Hi, I have 1500 HTA 2.0 affy human microarray CEL files. These file are a combination of treatment, placebo and healthy controls at 4 different times (weeks). They are not paired samples. Hence I started out doing the following - 1- Perform batch QC using Affy power tools 2- Perform sample wise QC 3- Batch processing of arrays and normalization using rma.
eset_norm <- oligo::rma(raw_data, target = "core")
4- Combine all the batches of normalized eset and annotate using pd.hta.2.0
eset_norm_anno <- annotateEset(eset_norm ,pd.hta.2.0, columns = c("PROBEID", "ENTREZID", "SYMBOL", "GENENAME"), multivals = "list")
5- Filter probe id that are related to main gene expression
eset_norm_anno_main <- getMainProbes(eset_norm_anno )

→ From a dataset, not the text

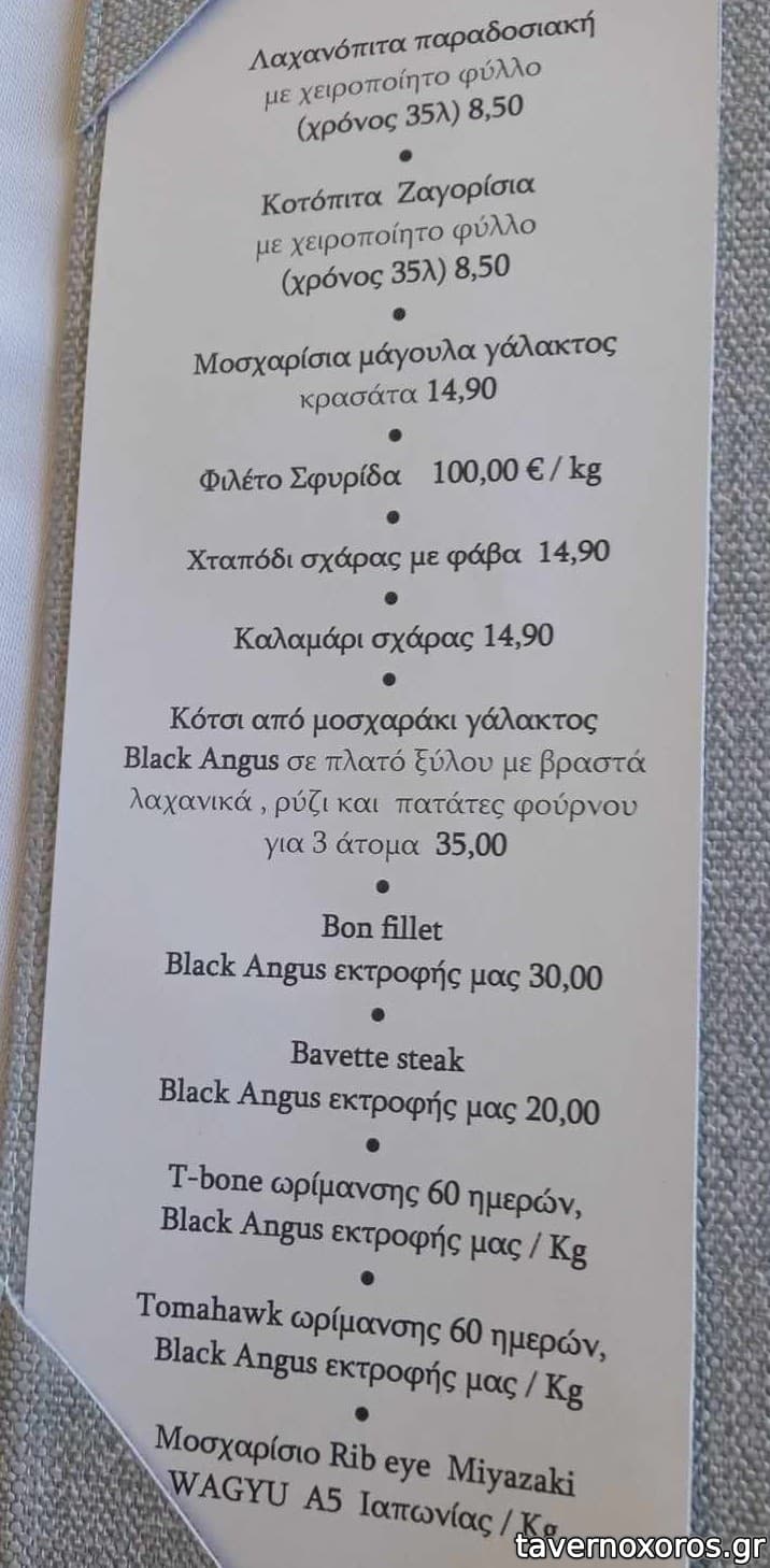 ΥΓ. Το «μοσχαρίσιο Rib eye Miyazaki WAGYU A5 Ιαπωνίας» το είχαν στα 600,

6- Filtered probe ids using manual threshold in order to remove all the low expression probes across samples. 7- Filtered probe ids that were not annotated, i.e which had gene symbol /ID as "NA". Ended up with 34886 probe ids (Started with 70k probes after core rma norm). 8- set up design matrix - I would like to look at a list of differential expressed gene based on treatment and time effect. In order to figure out genes that are expressed deferentially per dosage at a given time point, I set up the following design matrix and develop contrast matrix that will compare DrugA.Dose1.WEEK0 and PLACEBO.WEEK0 and so forth.

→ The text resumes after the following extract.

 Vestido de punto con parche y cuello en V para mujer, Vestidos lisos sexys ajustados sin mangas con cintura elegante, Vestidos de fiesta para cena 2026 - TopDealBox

design = model.matrix(~0+groups) colnames(design) # colnames(design) # "DrugA.Dose1.WEEK0" "DrugA.Dose1.WEEK6" "DrugA.Dose1.WEEK1" "DrugA.Dose1.WEEK8" # "DrugA.Dose1.WEEK2" "DrugA.Dose2.WEEK0" "DrugA.Dose2.WEEK6" "DrugA.Dose2.WEEK1" # "DrugA.Dose2.WEEK8" "DrugA.Dose2.WEEK2" "CONTROL.WEEK0.HEALTHY" "PLACEBO.WEEK0" # "PLACEBO.WEEK6" "PLACEBO.WEEK1" "PLACEBO.WEEK8" "PLACEBO.WEEK2"
9- Setting up analysis using Limma -
contrast = makeContrasts( Dose1week0=DrugA.Dose1.WEEK0-PLACEBO.WEEK0) data.fit = lmFit(eset_norm_anno_main_final,design) data.fit.con = contrasts.fit(fit = data.fit,contrasts = contrast) data.fit.eb = eBayes(fit = data.fit.con) results <- decideTests(data.fit.eb, adjust.method = "BH", lfc = 1)
Can you please tell me if the design and my process is right ? My ultimate list represents a list of probeids that are mapped to a gene id with statistics and p values associated. Do I have to aggregate the result based on Gene symbols to understand what Genes have been regulated or the result with transcripts just fine to present and compare ?
A quick check will help me very much.